◆ Assigned task:
A faithful copy of all the entries is required, with no pictures in it.

Collected data entries
* * *
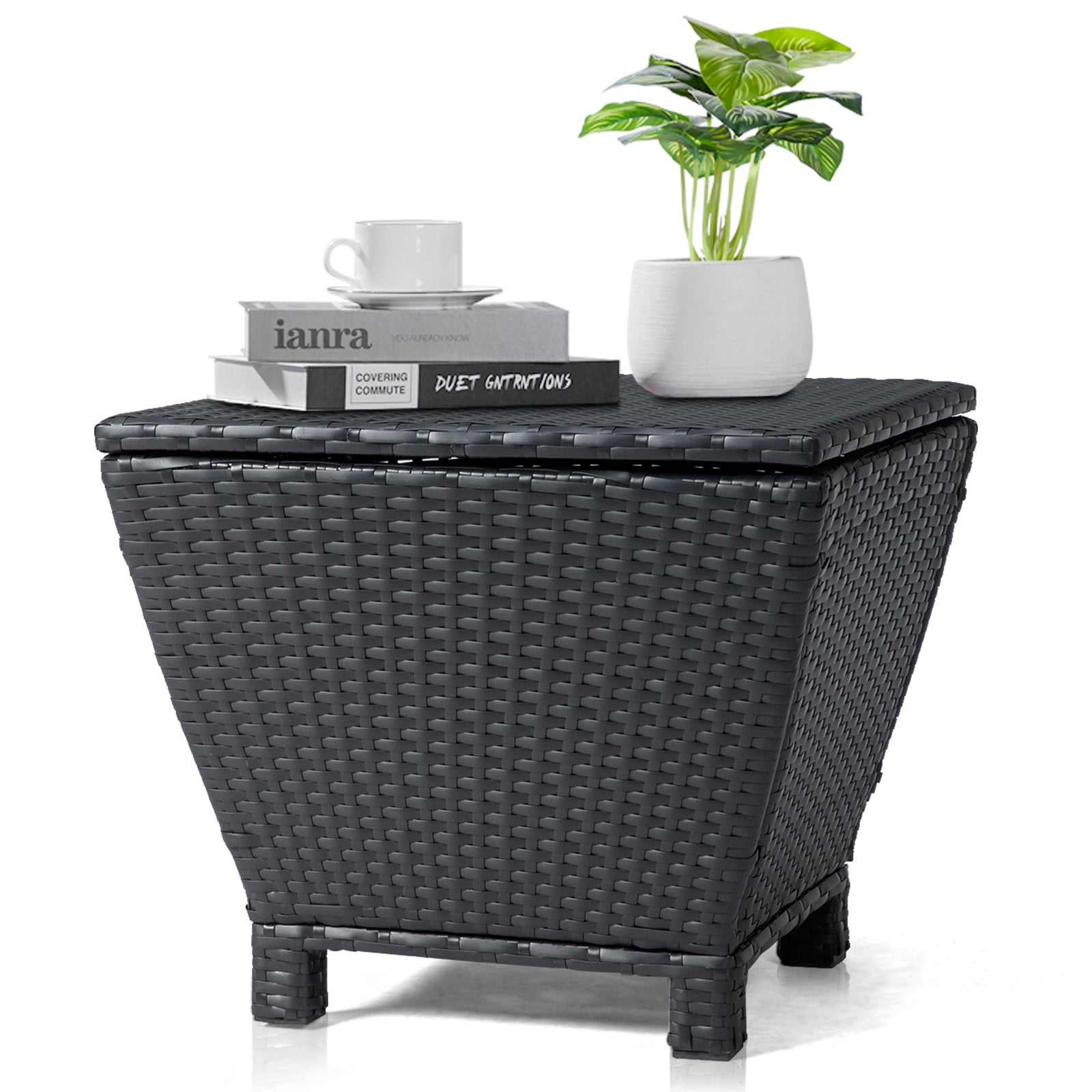 Add charm and functionality to your patio with this stylish PE wicker side table that doubles as hidden storage.
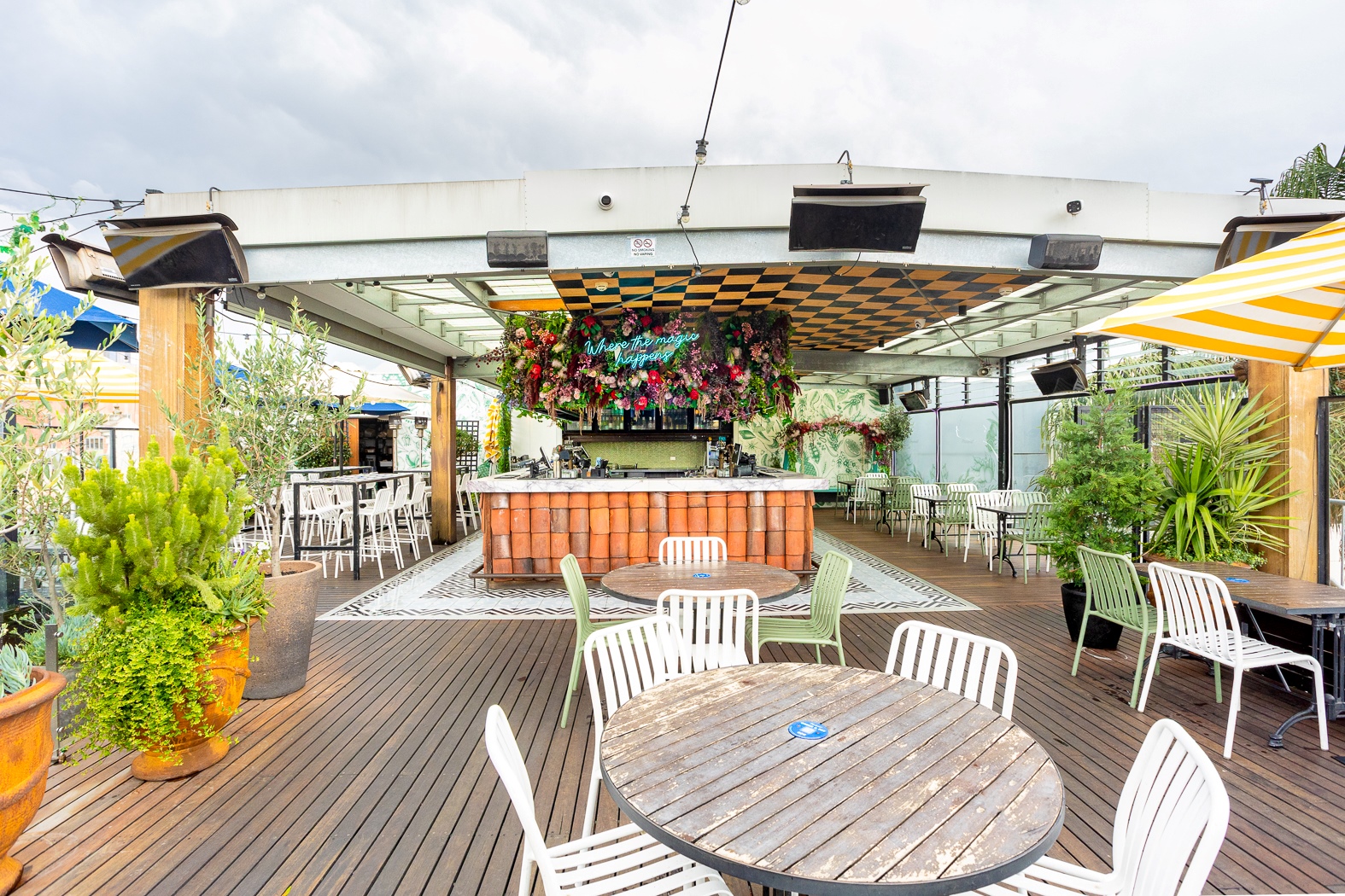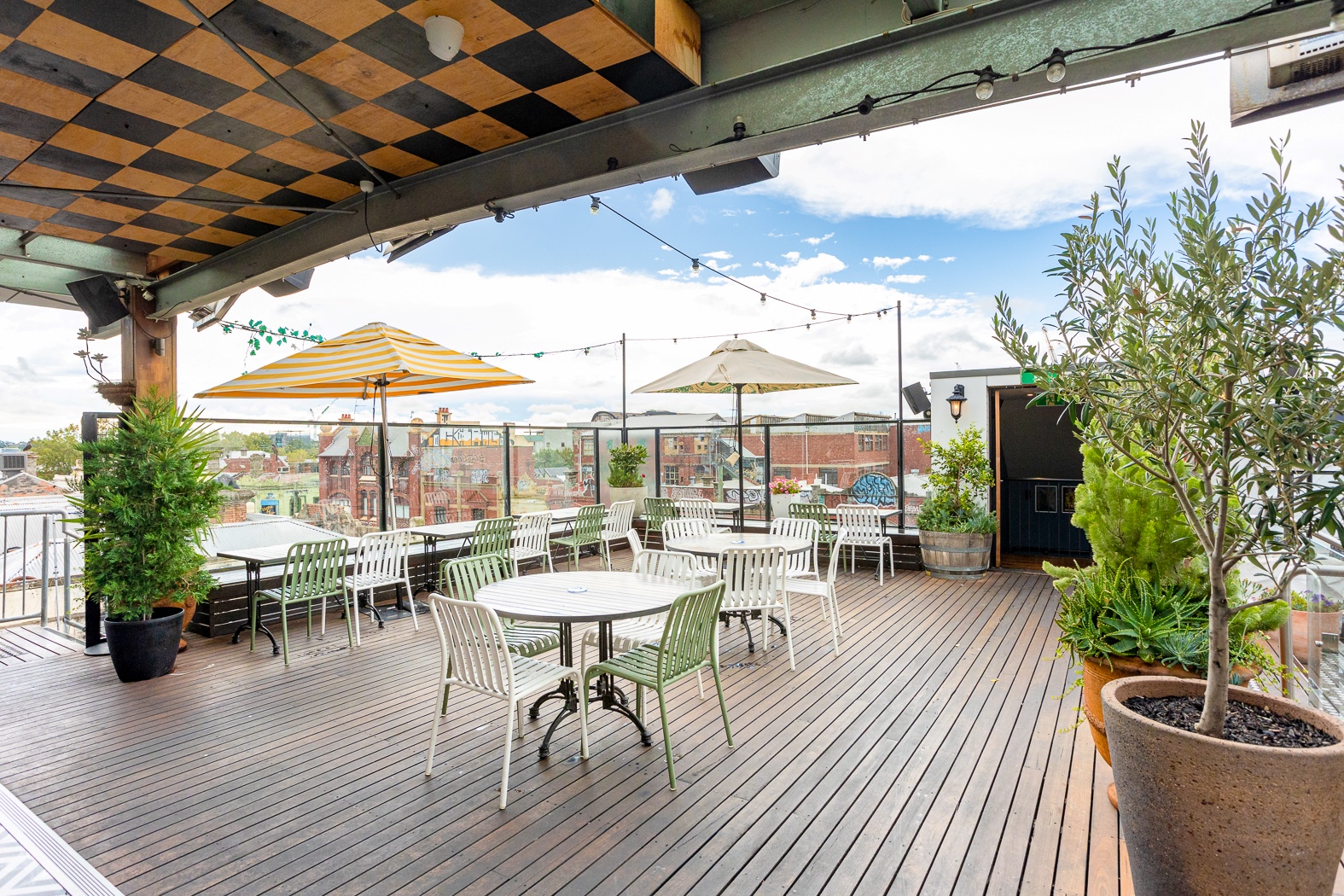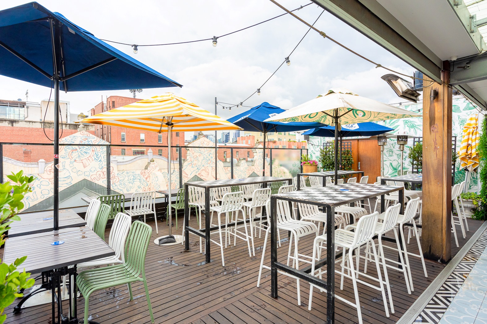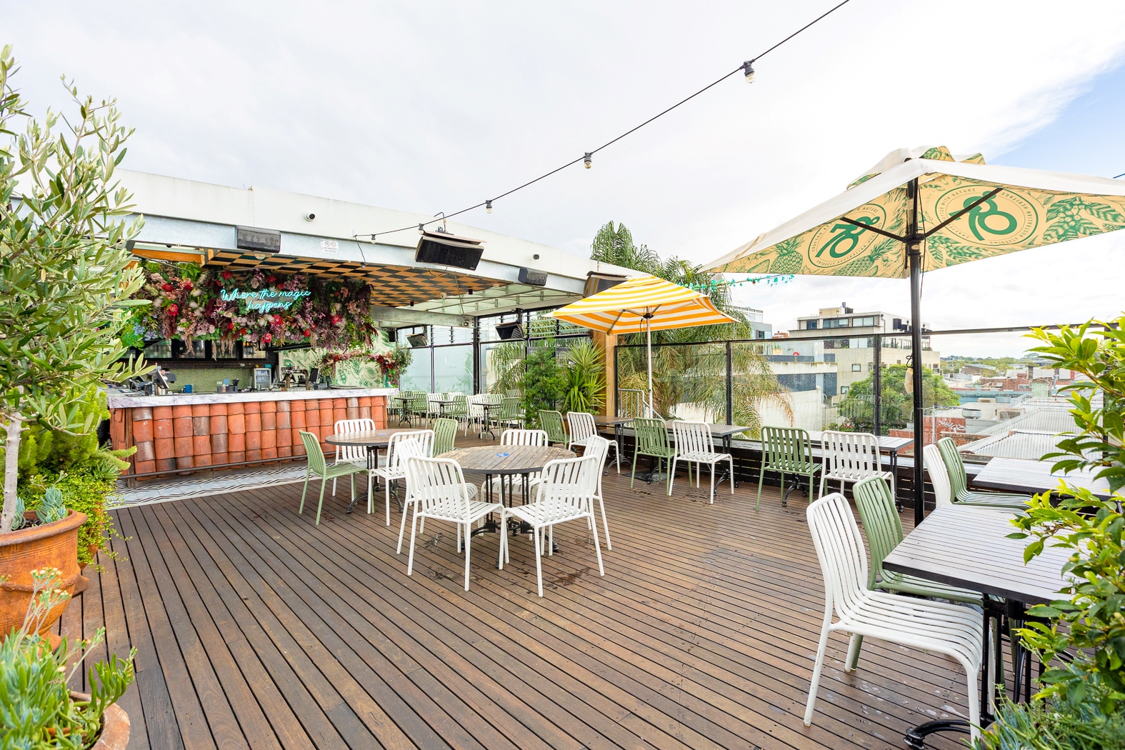 Relaxed but electric, the rooftop boasts stunning sunset views of vibrant Brunswick St below. Surrounded by lush greenery and chic decor, guests can sip on creative cocktails and nibble on our signature menu.
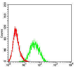 Flow cytometric analysis of HL-60 cells using C5AR2 mouse mAb (green) and negative control (red).
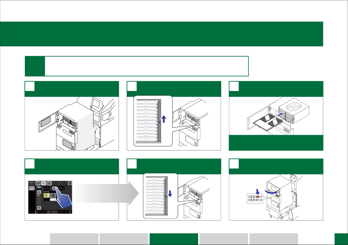 请打开门。 1 从该料槽上拔出空料盘,安装新料盘。 3 请提起托架挡块。 2 补充元件。 补充元件。 (来自料尽料盘箱的补充模式 - 验证 (来自料尽料盘箱的补充模式 - 验证 OFF OFF ) STEP 2 机器概要 生产准备 生 产 换 线 示意图 23 请点击安装按钮。 4 请关门并按下 COMPLETE 按钮。 6 请放下托架挡块。 5 需要指定吸取点时,点击画面内的吸取点 标记(1.1)后,进入设定画面。 有上下 2 扇门,…
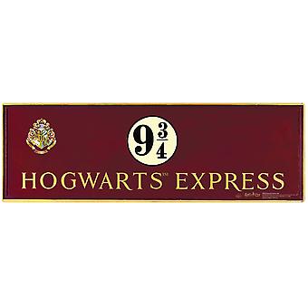 שלט הוגוורטס אקספרס מגזרת הקרטון הרשמית המותקנת על קיר הארי פוטר
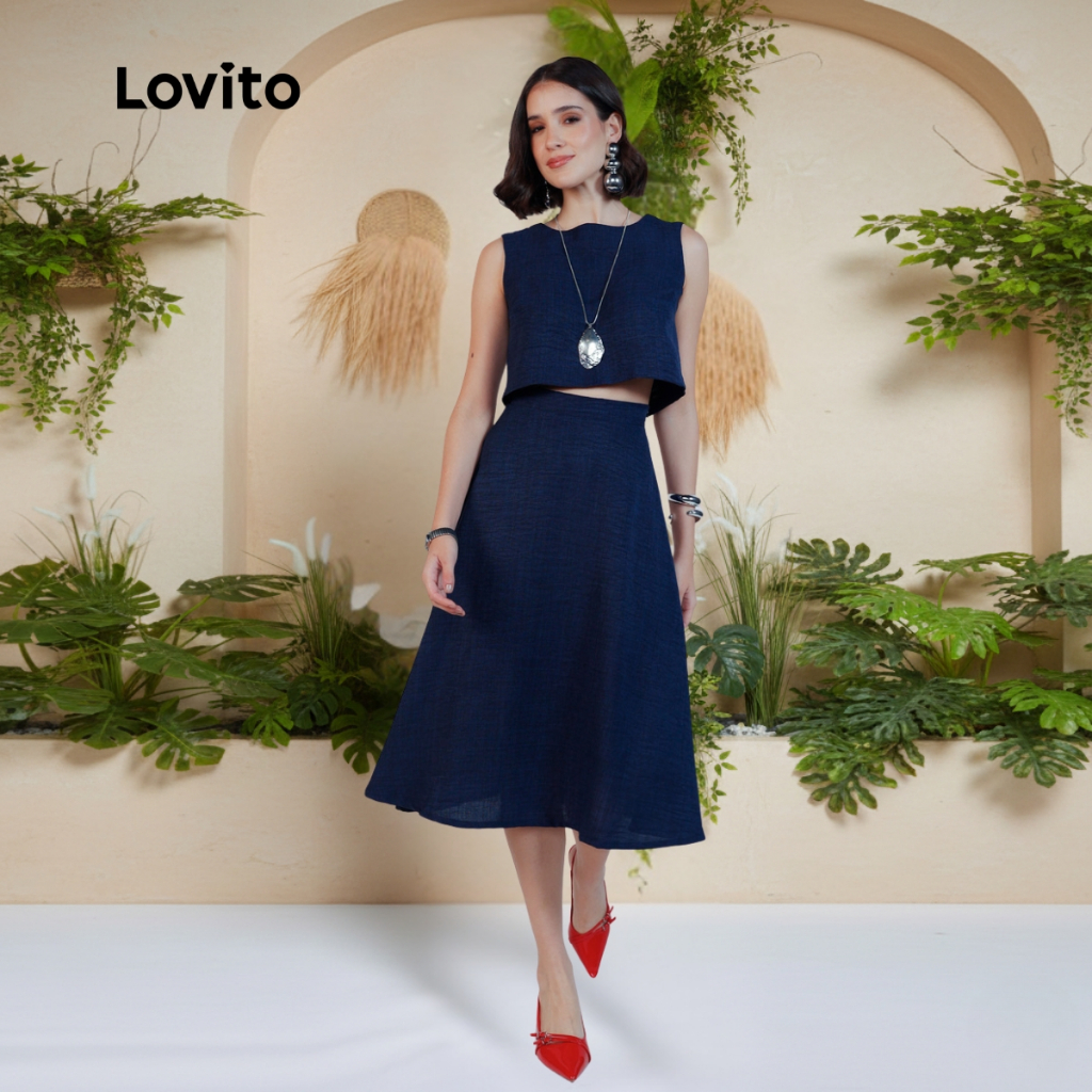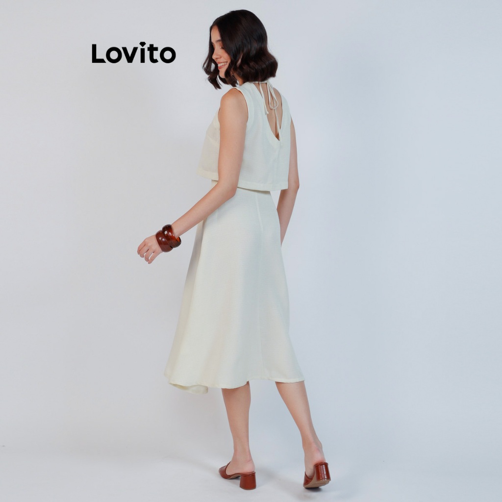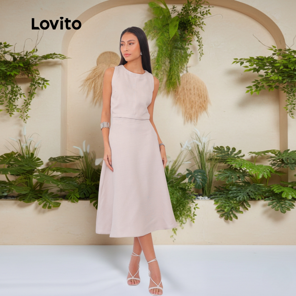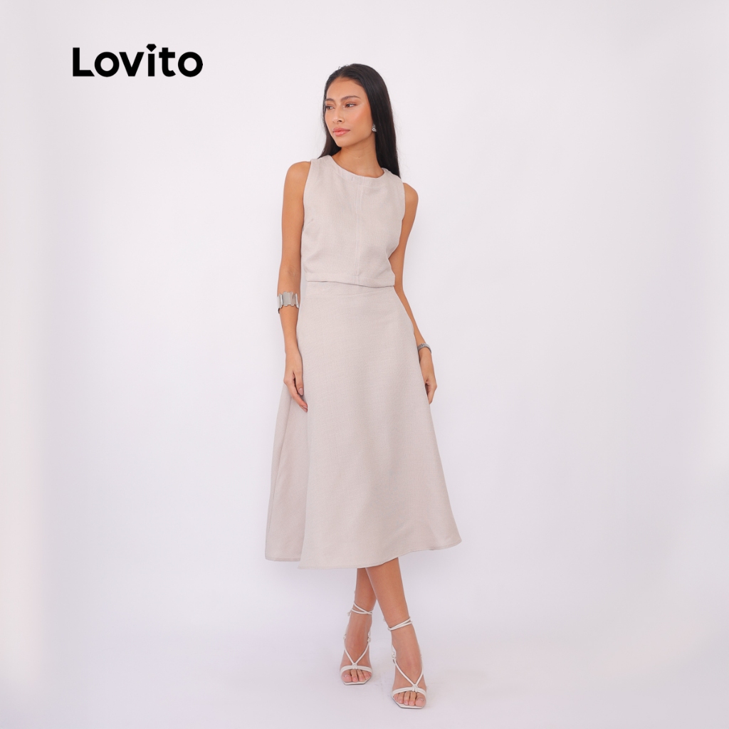 Lovito Conjunto Linho Moda Elegante Liso de Saia para Mulheres KSB679BRL709
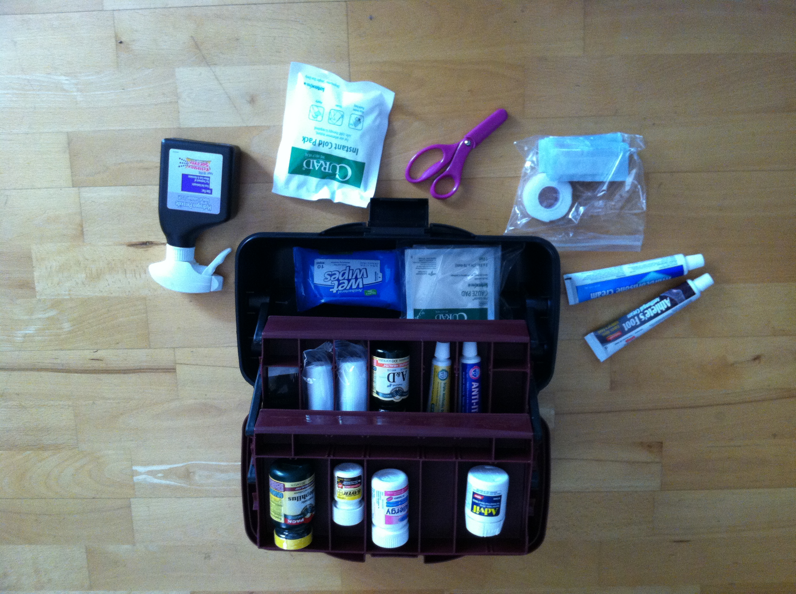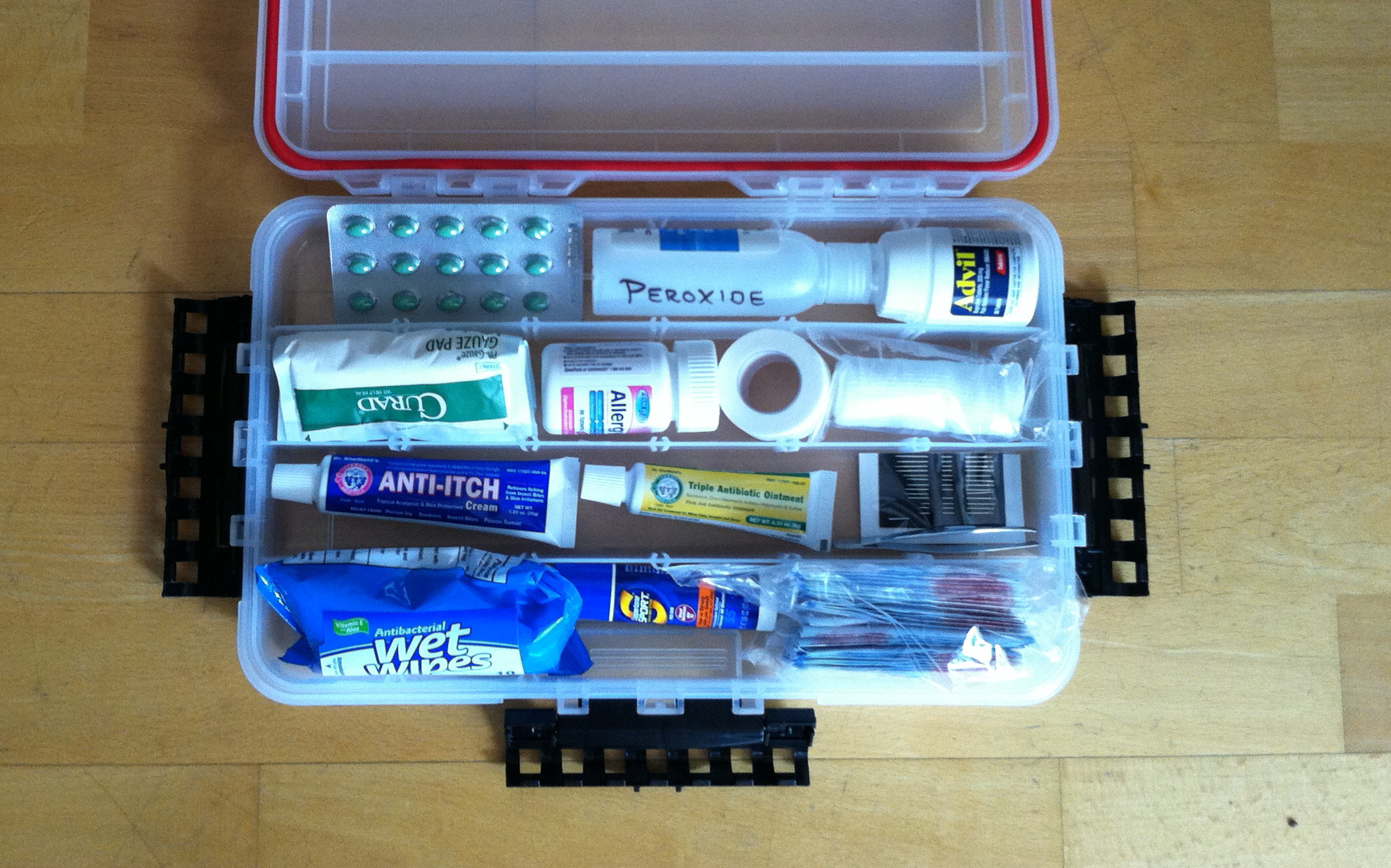 On the lighter side we post this month about the contents of The E.R.B. First Aid Kit. To start, we purchased a Burgundy Flambeau Outdoors fishing tackle box from Walmart for under $10. This box will tackle some hefty banging around and the layered trays are perfect for small bottles. You will find our first aid kid tackle box is equipped differently than most. We found our local pharmacists to be important resources in stocking our first aid boxes. If we run into questions, we will be back to ask questions. Here’s what we accumulated:
* * *
◆ Expected answer:
 Add charm and functionality to your patio with this stylish PE wicker side table that doubles as hidden storage.
 Relaxed but electric, the rooftop boasts stunning sunset views of vibrant Brunswick St below. Surrounded by lush greenery and chic decor, guests can sip on creative cocktails and nibble on our signature menu.
 Flow cytometric analysis of HL-60 cells using C5AR2 mouse mAb (green) and negative control (red).
 请打开门。 1 从该料槽上拔出空料盘,安装新料盘。 3 请提起托架挡块。 2 补充元件。 补充元件。 (来自料尽料盘箱的补充模式 - 验证 (来自料尽料盘箱的补充模式 - 验证 OFF OFF ) STEP 2 机器概要 生产准备 生 产 换 线 示意图 23 请点击安装按钮。 4 请关门并按下 COMPLETE 按钮。 6 请放下托架挡块。 5 需要指定吸取点时,点击画面内的吸取点 标记(1.1)后,进入设定画面。 有上下 2 扇门,…
 שלט הוגוורטס אקספרס מגזרת הקרטון הרשמית המותקנת על קיר הארי פוטר
 Lovito Conjunto Linho Moda Elegante Liso de Saia para Mulheres KSB679BRL709
 On the lighter side we post this month about the contents of The E.R.B. First Aid Kit. To start, we purchased a Burgundy Flambeau Outdoors fishing tackle box from Walmart for under $10. This box will tackle some hefty banging around and the layered trays are perfect for small bottles. You will find our first aid kid tackle box is equipped differently than most. We found our local pharmacists to be important resources in stocking our first aid boxes. If we run into questions, we will be back to ask questions. Here’s what we accumulated:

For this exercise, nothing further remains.